La responsabilità delle quantità di gas emessi in questo arco di tempo sono facilmente attribuibili e quantificabili: circa il 60% è dovuto all'attività produttiva dei paesi ad economia avanzata (USA, Europa e Giappone); attualmente nella classifica dei paesi più inquinanti sono presenti anche paesi in via di sviluppo, se così ancora definibili, come la Cina (primo inquinatore in termini assoluti, settimo come valori pro-capite), l'India, la Russia, l’Indonesia, il Brasile, il Messico.

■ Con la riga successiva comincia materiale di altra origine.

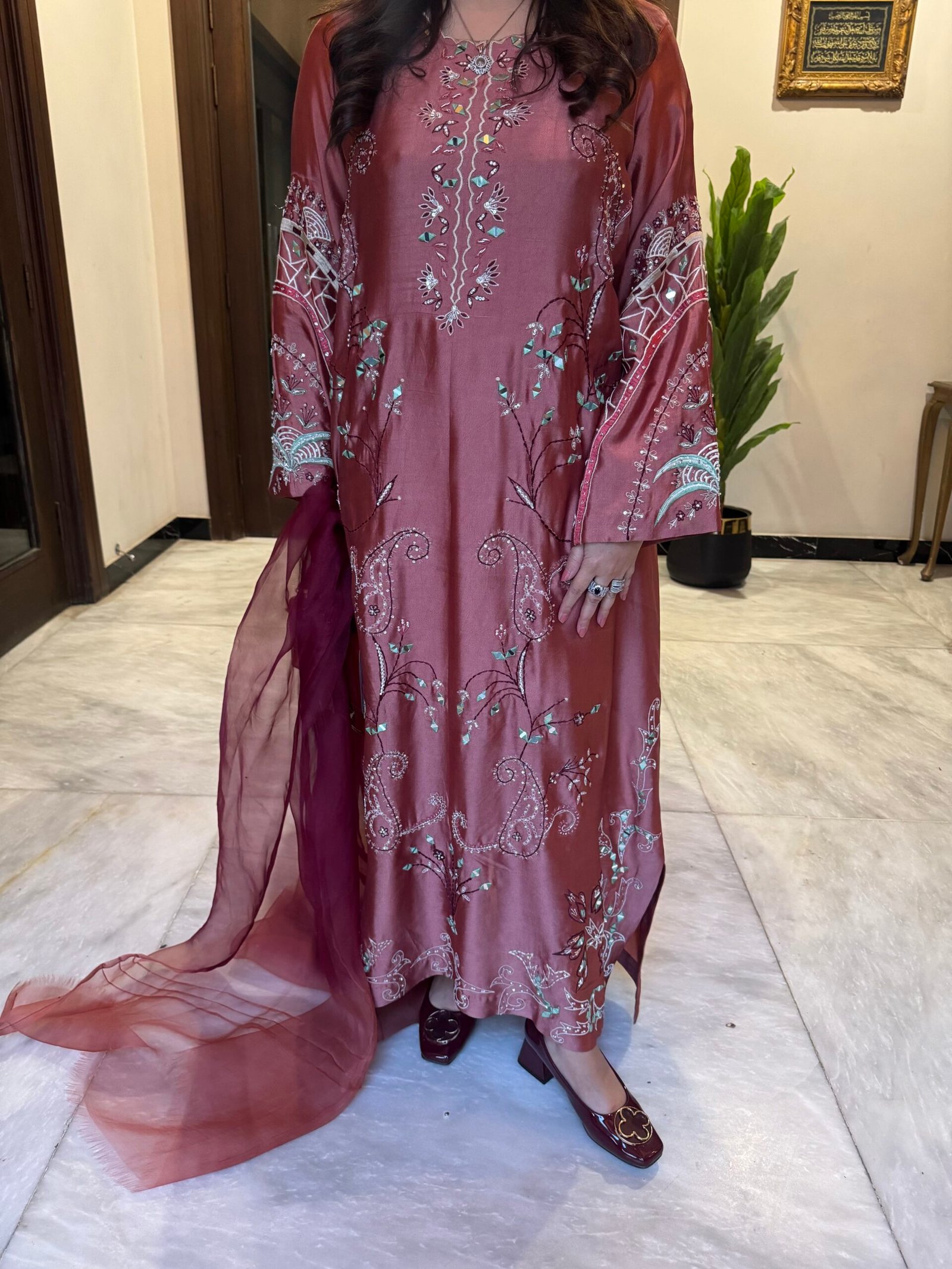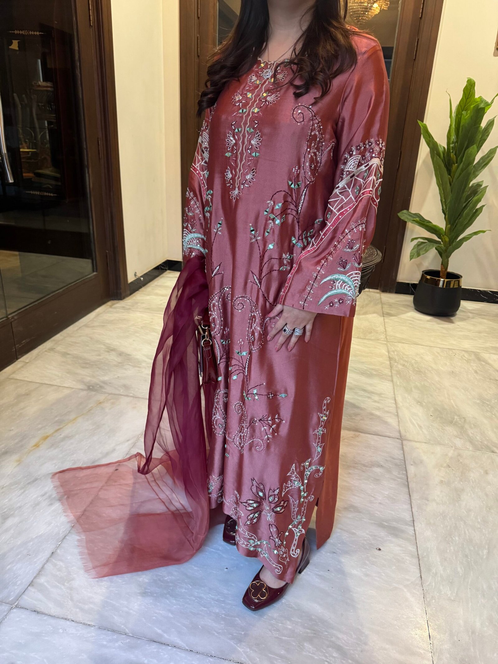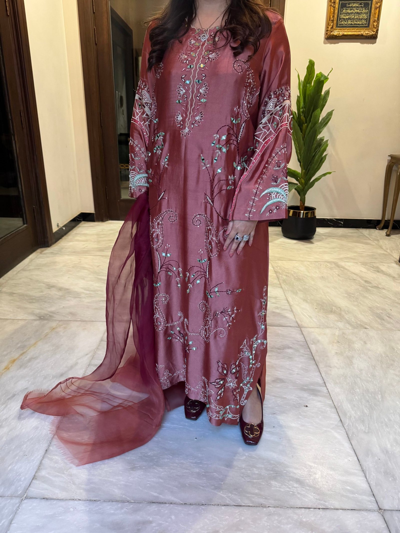 Presenting Design Drop 5, the Carrot Kaftan — a striking formal ensemble crafted to make an unforgettable statement. Made from pure Sheesha silk, this kaftan is adorned with intricate mirror detailing and exquisite hand adda work. The design features delicate resham embroidery, enhanced with stones, dapka, cora, and pearls, creating a rich and luxurious finish. The vibrant carrot hue adds warmth and elegance, perfect for festive celebrations and special occasions. Paired with a two-tone organza dupatta, this outfit beautifully blends traditional craftsmanship with refined sophistication for a truly elevated formal look.
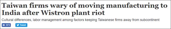 “但这起暴动,却让台商对‘印度制造’的疑虑再起。”

L'allarme sull'emergenza non è recente; le 21 edizioni di conferenze, iniziate con quella di Rio nel 1992, ne sono la dimostrazione; le risposte elaborate invece sono state del tutto insufficienti, se si pensa che la quantità di gas serra è sempre crescente e nel 2014 ha toccato il nuovo record pari a 397,7 ppm di CO2 equivalente. L'accordo più famoso è figlio della cop3 tenuta a Kyoto nel 1997: il protocollo di Kyoto appunto. Scaduto nel 2012, doveva essere sostituito dalla conferenza di Copenaghen del 2009, ma l'incapacità e soprattutto la difesa degli interessi economici dominanti hanno impedito di arrivare a un nuovo accordo.
Parigi 2015 dovrà, secondo le dichiarazioni di intenti di tutti i principali capi di stato, portare a una serie di intese, che siano vincolanti e controllabili periodicamente. Lo stesso Obama nel discorso di apertura ha voluto ribadire la necessità di trovare una soluzione certa e valutabile; peccato che il congresso USA negli stessi giorni abbia bocciato le (blande) norme volute dall’Agenzia per la tutela dell’ambiente EPA, volte a limitare del 30% rispetto al 2005 le emissioni di gas climalteranti al 2030 (attenzione: ridurre le emissioni rispetto al 2015 è un obiettivo molto più comodo che ridurle ad esempio rispetto al 1990, perché nell’arco di tempo intercorso le emissioni USA sono aumentate del 16%); peccato inoltre che durante la sua presidenza Obama abbia appoggiato progetti in totale contrasto con le buone intenzioni green (shale oil, trivellazioni off shore, biocombustibili) pur di raggiungere l’autonomia energetica.

I fatti dicono che le politiche reali degli ultimi decenni hanno aggravato il problema, perché non si è affrontato il nodo reale della questione, talmente evidente da emergere come una bomba all'interno del V rapporto GIEC: se si vuole contenere l'aumento di temperatura entro i 2 gradi centigradi (obiettivo ritenuto insufficiente da molti esperti, che indicano in + 1,5 gradi l’aumento accettabile per evitare o almeno contenere conseguenze disastrose) occorrerebbe non utilizzare l'80% dei giacimenti noti di combustibili fossili, detenuti da multinazionali e paesi produttori di petrolio, gas e carbone. Per meglio valutare l'impatto di tale misura bisogna pensare che queste risorse fanno già parte degli attivi economici e condizionano direttamente le quotazioni finanziarie delle società petrolifere; l'impiego di questo 80% corrisponde inoltre a circa 1/5 del PIL mondiale. Vista con la logica produttivista della crescita illimitata non può che connotarsi come proposta semplicemente inaccettabile.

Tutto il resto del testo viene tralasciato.